• If you are still using CentOS 7.9, it's time to convert to Alma 8 with the free centos2alma tool by Plesk or Plesk Migrator. Please let us know your experiences or concerns in this thread:
    CentOS2Alma discussion

Qmail performance problem once again...

niamoman

New Pleskian
Hello
This is well known problem on this forum, but I made any of the best suggestions (including atomicturtle) with qmail configuration and the problem still exists. I've spent many weeks to find the reason, without success.

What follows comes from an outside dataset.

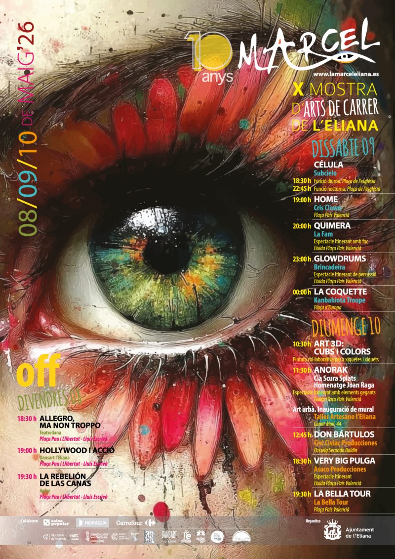 La MARCEL de l’Eliana 2026 regresa del 8 al 10 de mayo con una edición muy especial en la que celebra su décimo aniversario. La Mostra d’Arts de Carrer se consolida como uno de los eventos culturales más destacados del municipio y reunirá más de 14 actividades en distintos espacios públicos.

Symtoms: While the top traffic qmail local queue increases to hundreds or even thousends messages.
In the same time mail users has problems with SMTP connection (it breaks after 60 sec)
FTP initial connection is delayed about 5 sec.
WWW work almost perfect.
Delays occur also when I'm connecting to ssh.


This is description of 1 of my machines.
I have another server with similar load and system (Debian 4, Plesk 8.6). There is no problem.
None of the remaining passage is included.